Coming To Grips With It

By Andrea B.K.

In all fairness, my childhood was not that bad, Really, it wasn't. I had 2 parents who were still married and in love, a younger sister who thought I hung the moon (no, not really but it sounded good, right?) and 4 grandparents were still alive. I adored my maternal grandfather especially because he DID hang the moon. The first 9 years of my life were great. Nine years is not a long time but I will always be grateful for those years of ignorance and bliss.


When I was 9 years old, a certain older relative discovered I was a girl - something I had been fighting against my entire life. I was a total tomboy who had a lot of friends at school, most of which were boys. In fact, when I was 4 years old, I wanted to know how to pee standing up like all of my male cousins did. I quickly found God did not mean for me to do that.

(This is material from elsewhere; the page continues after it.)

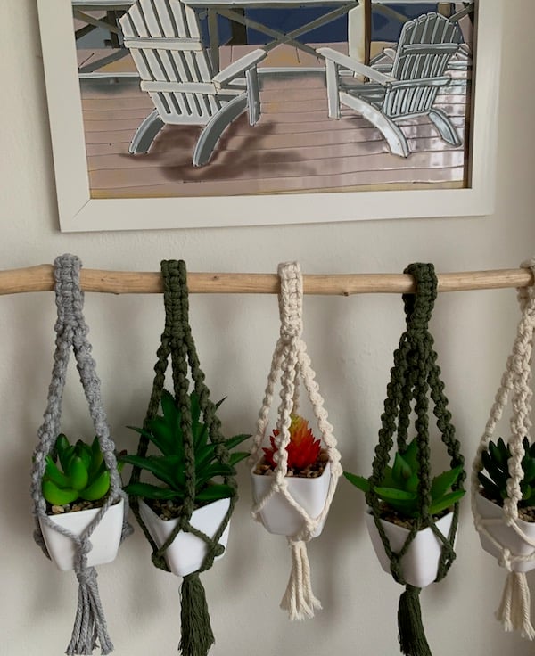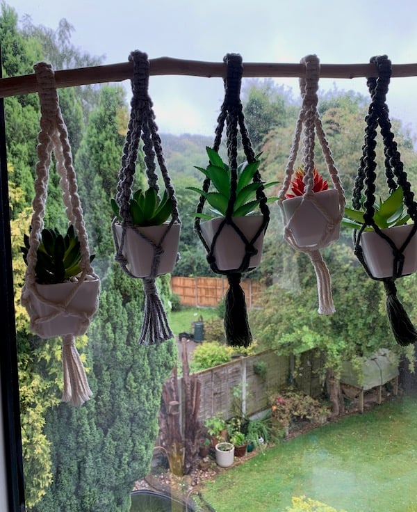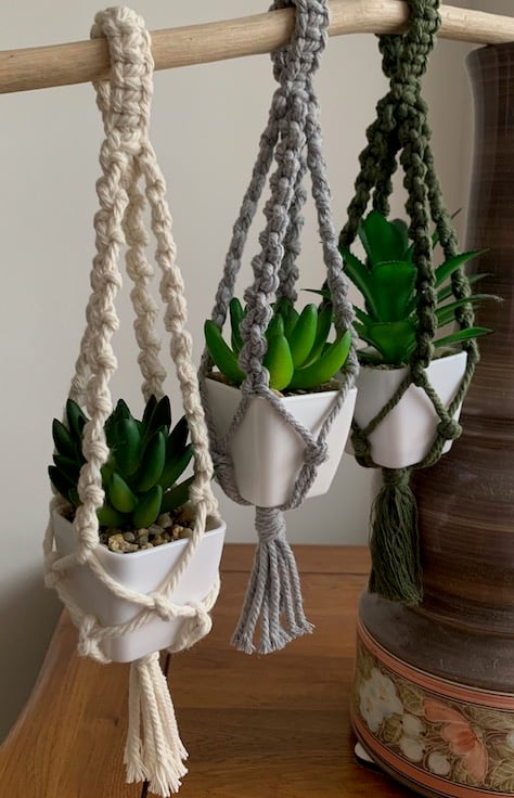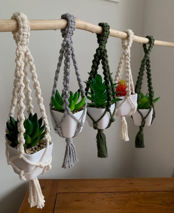 Delightful miniature macrame plant hangers. These are ideal for hanging small succulents, cacti or air plants.

As I was saying, this relative discovered I was a girl about the time I started wearing a training bra. I hated wearing them. They were itchy and uncomfortable. What was I training, anyway? Just like my glasses I got when I was five, I took them off every chance I got. 


This got his attention and he would constantly embarrass me by asking (too loudly)
"You're not wearing a bra, aren't you?"
(No, s**t, Sherlock!)


About the time, I was 11, my best friend gave me a bathing suit that I loved. I could not wait to wear it. Unfortunately, the jerk pointed out at the public pool, "You're growing hair down there!"
(Again, no s**t, Sherlock!)


The creep kept up his comments and "accidental" touching from time I was nine to 14 years old. The whole time I was thinking what does a 50 year old man want with a kid?


I still wonder that at 47 years old. The years have not been kind to this now 86 year old. Karma, I guess. I have not seen him or talked to him since his wife (my mom's sister) died 5 years ago. I am at peace with that because I know I didn't ask for the abuse and it was never my fault.